Top of Source data

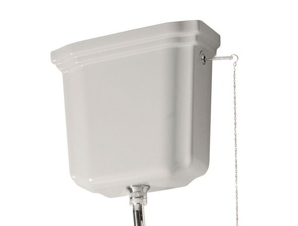 Keramická závěsná WC nádržka v retro designu v bílé barvě. Kompaktní rozměry 400×360×140 mm, vhodná do klasických i stylových koupelen.
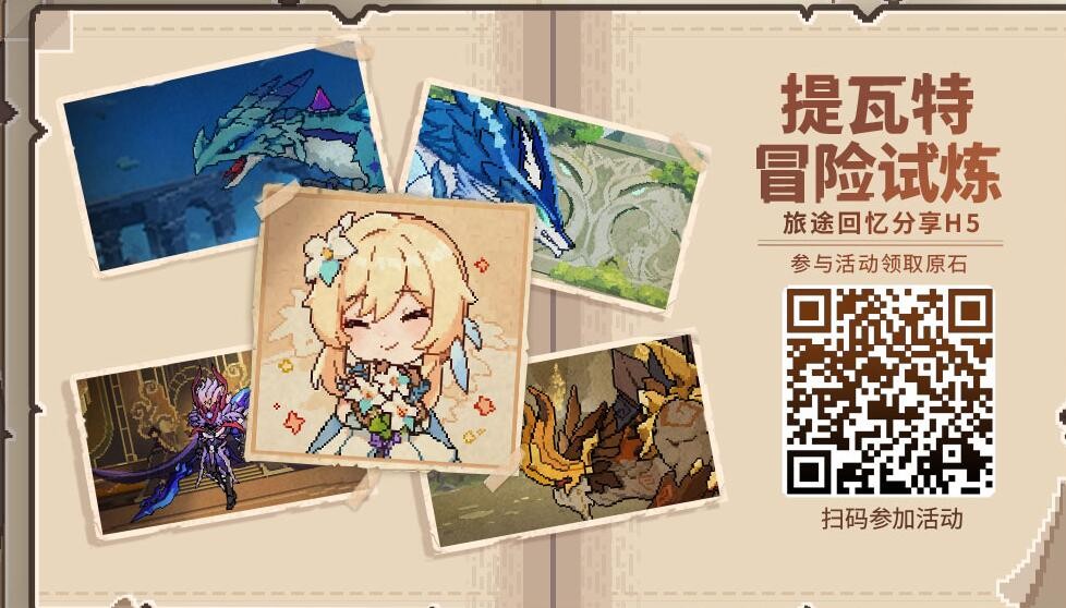 体验「提瓦特冒险试炼」并完成分享,可获得相应原石兑换码(限量300万份)。
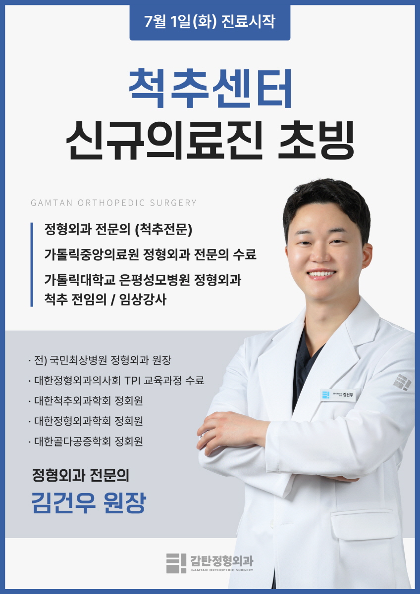 김건우 원장님 진료 시작! 정형외과 x 신경외과 협진 강화로 척추 진료의 새 지평을 엽니다. 감탄정형외과 척추센터에 기분 좋은 변화가 찾아왔습니다! 2025년 7월 1일 (화)부터 정형외과 척추 전문 김건우 원장님께서 새롭게 진료를 시작하며, 기존의 신경외과 중심 진료에 더해 정형외과적 시각을 겸비한 폭넓고 세밀한 척추 진료가 가능해졌습니다.
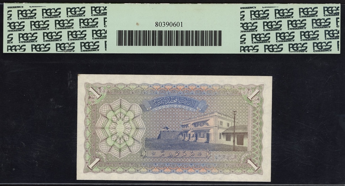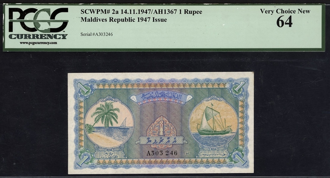 (x) Maldives, 1 rupee, 1947 serial number A303246, (Pick 2a), in PCGS holder 64 Very Choice New

Bottom of Source data

## Exercise prompt
Only the lines from the top of the data through the line with "体验「提瓦特冒险试炼」并完成分享,可获得相应原石兑换码(限量300万份)。" should be quoted, exactly and with both ends kept; skip the pictures.

## Result
 Keramická závěsná WC nádržka v retro designu v bílé barvě. Kompaktní rozměry 400×360×140 mm, vhodná do klasických i stylových koupelen.
 体验「提瓦特冒险试炼」并完成分享,可获得相应原石兑换码(限量300万份)。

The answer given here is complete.